Osman Yousefzada’s 2018 art installation, A Migrant’s Room of Her Own, was based on his mother’s bedroom. But when he took her to see it at the Ikon Gallery in Birmingham, she was confused. “She asked me who slept there,” Yousefzada says. “She’d never been to a museum before.”
Yousefzada’s mother emigrated to England from a village on the border of Afghanistan and Pakistan in the 1970s, following her husband who had left seven years earlier. Both were illiterate and spoke no English. They lived in a tight-knit Muslim community in Balsall Heath, Birmingham. Yousefzada’s mother, a seamstress, did not leave the house. When they hit puberty, his three sisters were taken out of school and the family concocted elaborate excuses for social workers asking about their sudden disappearance.
Yousefzada, an artist and fashion designer whose clothes have been worn by Beyoncé, Taylor Swift and Lady Gaga, describes his childhood in his new memoir, The Go-Between. He would buy fabrics and bring them home for his mother: observing her work, he writes, was “like watching a magician.” He tells me that the book is “a bit of a love letter” to his mother, who died on New Year’s Day this year. Yousefzada looked after her during the pandemic. “It was really beautiful,” he says. “It’s that connection from one body to another body. You’re connected and you have this responsibility for each other.”
He had a more difficult relationship with his father, a “complicated” man who sometimes beat his wife and told Osman he should have killed his younger sister after she ran away from home. When Osman left home permanently after his first year studying anthropology at SOAS in London, his father burned his belongings.
Years later, they reconciled. “I think he understood logically why I left to go to university. He probably tried to understand why I didn’t come back.”
After graduating from SOAS, he studied fashion at Central Saint Martins, and in 2008 founded his clothing label, Osman. Does he ever wonder what he would be doing if he hadn’t left home at 18? “Maybe working in a factory,” he replies. “I do think my life would be quite different.”

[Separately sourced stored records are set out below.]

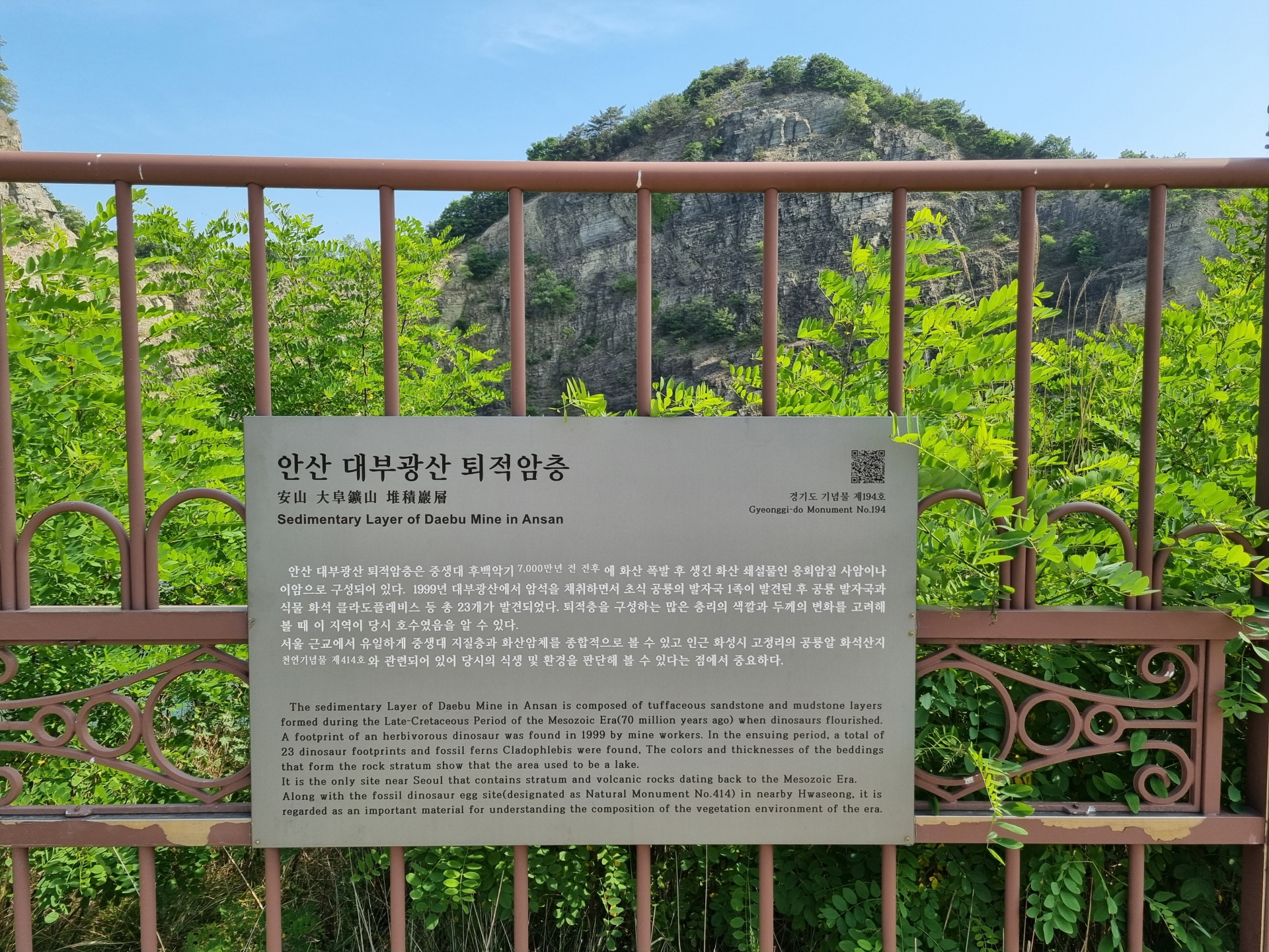 동·식물 화석이 발견된 퇴적암층이며 경기도 기념물입니다.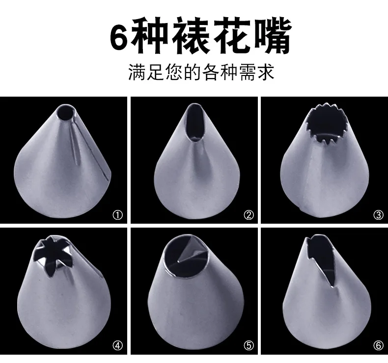 1 szt. Silikonowe akcesoria kuchenne oblodzenie rurociągi rękaw cukierniczy do kremu z 6 dyszami ze stali nierdzewnej końcówki do dekorowania ciastek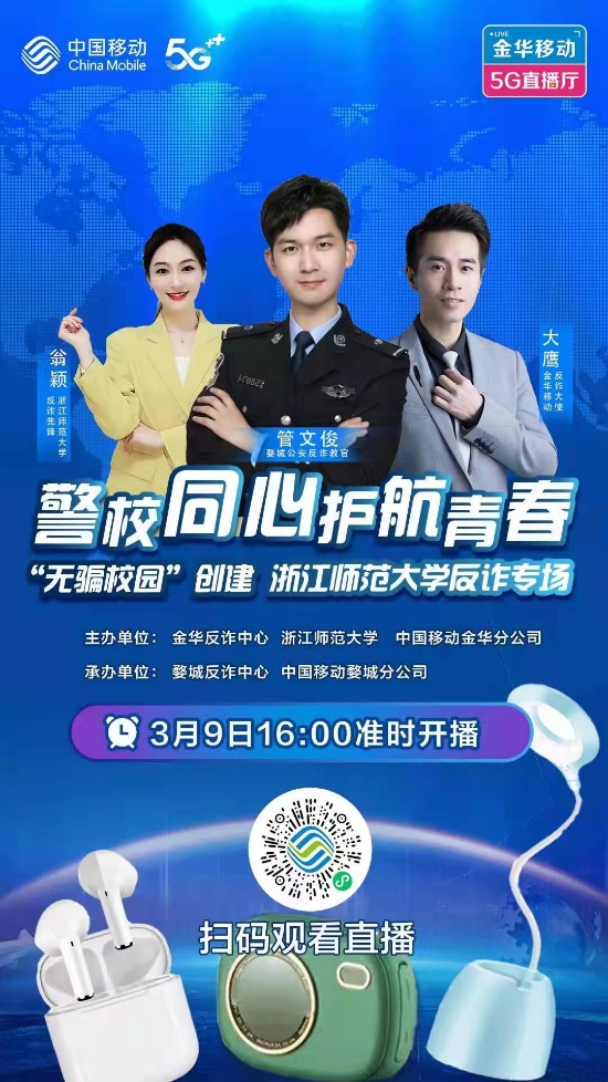 在诈骗活动日益猖獗的当下,反诈宣传不容懈怠。3月9日,为帮助同学们更好地了解和掌握反诈知识,增强自我保护意识,金华反诈中心联合公司举办了“警校同心 护航青春 创建平安浙师”网络直播活动,邀请同学们参与观看学习。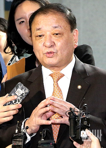 26일, 서울 여의도 국회에서 강창일 새정치민주연합 윤리심판원장이 '정청래 막말'과 관련한 징계결정 회의에 참석하기 위해 이동하는 가운데 취재진의 질문에 답하고 있다.

The Go-Between depicts Balsall Heath in the 1980s and 1990s, where immigrant families lived in cheap housing on streets frequented by sex workers. “It’s a very working-class book,” he says. “It’s a very under-class book. The root is from illiteracy—the root is not being able to have the codes to navigate new spaces. And it’s a story of quite a few people.”

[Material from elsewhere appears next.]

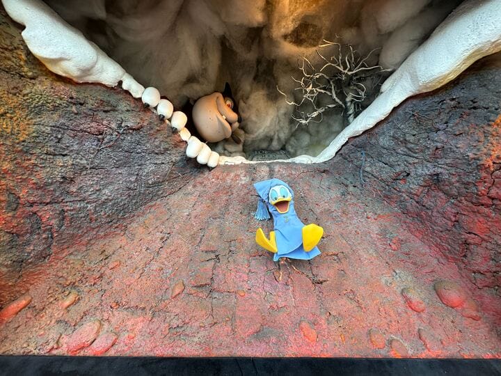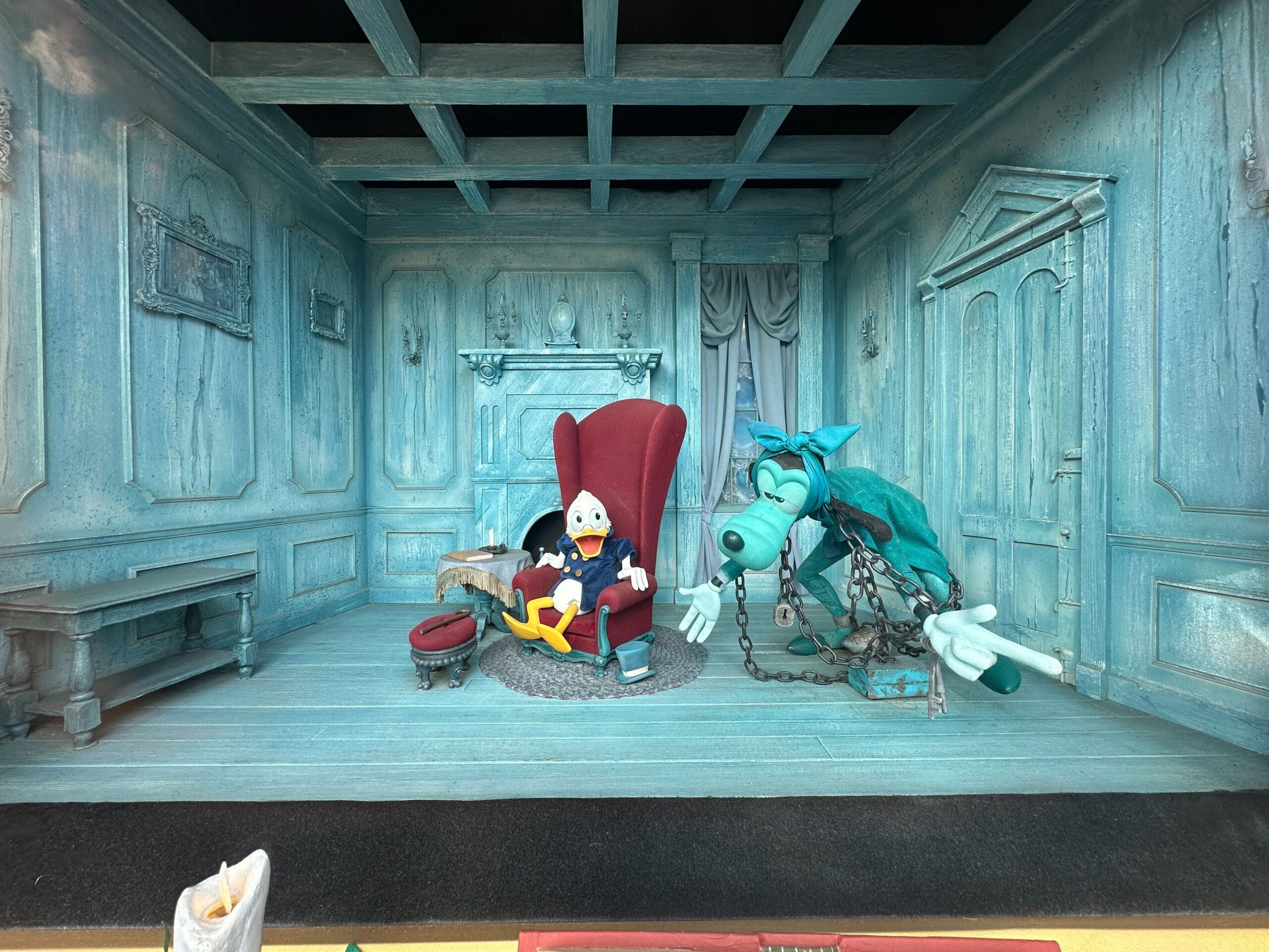 One scene depicts the opening of the film, with a disgrunted Ebenezer Scrooge, played by Scrooge McDuck, being visited by his nephew, Fred, played by Donald Duck. Working at the desk across from Scrooge is Bob Cratchit, played by Mickey Mouse.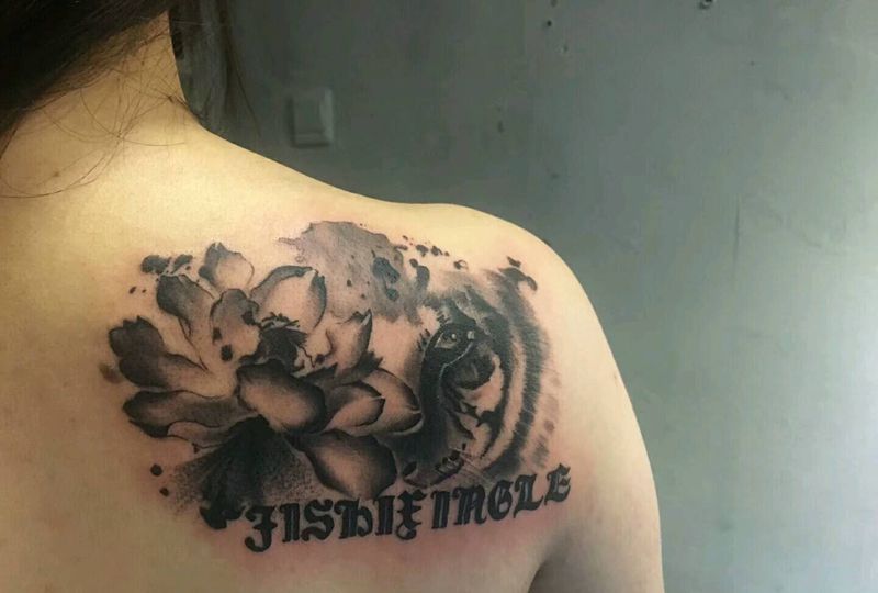 老虎纹身图片_肩部国画动物植物成品纹身图案

Becoming an artist was not a difficult step for Yousefzada. “I come from a family of artisans, so making stuff with your hands comes quite naturally and easily.” But he can see the difference between how his work is now perceived compared to his mother’s. “Most working-class people are artisans, and most middle-class people are artists.”
Yousefzada’s parents used to warn their children that they risked being sent back by the UK authorities to the Afghan-Pakistani border. He was reminded of those childhood conversations by the recent Nationality and Borders Bill, which would make it easier for the government to strip dual nationals of British citizenship. “I find that makes me quite nervous,” he says. “Where do you redefine the boundaries of where you belong?”
He is furious about the way the UK treats migrants. “We may as well have Priti Patel on the Channel on one of those news boats actually following migrants across. I mean, it’s completely crazy how we treat people… who come here for a better life.”